It was announced this week that the Athletics, at long last, had come to an agreement with a group of politicians to build a new stadium for the club, which has been stuck in an outdated facility for years.
If that sounds familiar, it is because the same situation, with the same reasoning, has been playing out for more than 100 years. The Athletics, a vagabond franchise that originally hailed from Philadelphia before moving to Kansas City, Mo., and then Oakland, Calif., have never seemed content with where they were.
From a stadium limited by prohibitive blue laws in Philadelphia to a hastily rebuilt minor league park in Kansas City to a Brutalist concrete palace in Oakland, they have always had their eye out for something better. They explored Denver, they poked at San Jose and Fremont, they had multiple sites picked out in Oakland. But now, in an agreement announced by Nevada’s governor that still faces several hurdles, they want to build a stadium on the Las Vegas Strip that would theoretically be ready for the 2027 season.
It is a situation causing optimism in Vegas, heartbreak in Oakland and undoubtedly some eye-rolling everywhere else. The A’s, with nine World Series titles and 17 100-loss seasons, have seemingly been on the verge of a move for most of their existence.
“It’s possible that a relocation vote could happen as early as June,” Commissioner Rob Manfred told reporters on Thursday when asked about the Las Vegas deal. But in keeping with how far the plan has to go, and how much it has already changed in the last few weeks, he cited a previous location for the stadium, rather than the team’s current plan to build on the site of the Tropicana Las Vegas.
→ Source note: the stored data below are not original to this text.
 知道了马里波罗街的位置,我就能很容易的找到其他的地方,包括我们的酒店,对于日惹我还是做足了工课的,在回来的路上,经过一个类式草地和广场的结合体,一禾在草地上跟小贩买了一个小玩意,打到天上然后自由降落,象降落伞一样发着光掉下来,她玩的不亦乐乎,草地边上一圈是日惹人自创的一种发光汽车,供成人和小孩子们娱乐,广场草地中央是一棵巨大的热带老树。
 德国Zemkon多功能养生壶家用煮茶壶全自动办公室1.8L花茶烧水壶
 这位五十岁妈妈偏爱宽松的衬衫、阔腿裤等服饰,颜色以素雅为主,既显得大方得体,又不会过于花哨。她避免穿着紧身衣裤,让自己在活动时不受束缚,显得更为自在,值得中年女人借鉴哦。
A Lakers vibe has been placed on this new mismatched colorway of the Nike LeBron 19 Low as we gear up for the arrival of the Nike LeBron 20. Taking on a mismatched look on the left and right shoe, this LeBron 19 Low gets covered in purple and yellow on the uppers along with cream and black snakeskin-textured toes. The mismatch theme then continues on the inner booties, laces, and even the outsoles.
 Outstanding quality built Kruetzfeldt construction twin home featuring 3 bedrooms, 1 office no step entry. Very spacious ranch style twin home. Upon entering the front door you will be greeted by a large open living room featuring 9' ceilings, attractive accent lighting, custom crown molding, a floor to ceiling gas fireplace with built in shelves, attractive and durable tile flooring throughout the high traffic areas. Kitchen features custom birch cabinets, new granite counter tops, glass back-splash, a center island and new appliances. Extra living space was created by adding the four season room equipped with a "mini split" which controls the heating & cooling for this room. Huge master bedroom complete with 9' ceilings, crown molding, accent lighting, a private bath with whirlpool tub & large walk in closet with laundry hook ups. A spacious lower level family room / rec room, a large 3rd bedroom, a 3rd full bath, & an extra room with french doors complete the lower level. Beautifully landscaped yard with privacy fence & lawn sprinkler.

The team’s reputation for restlessness is earned. The Athletics are tied with the Braves (Boston, Milwaukee and Atlanta) and the Orioles (Milwaukee, St. Louis and Baltimore) for the most traveled franchises. But in a strange enough quirk, the A’s have had only four stadiums in their 123 seasons of play — fewer than all but a handful of teams.
Unfortunately for the A’s, none of their four parks would get confused for a classic like Boston’s Fenway Park or a modern marvel like the Rangers’ Globe Life Field.
A look at those four stadiums makes it clear why A’s have had a perpetual wandering eye.
1901-1908 | World Series titles: 0
Top Player: Eddie Plank, P, 51 wins above replacement
The Philadelphia Times announced a crowd of 15,000 at the Athletics’ first game in 1901. The stadium’s capacity was only 9,500 but fans crowded around neighboring houses and watched over the fences.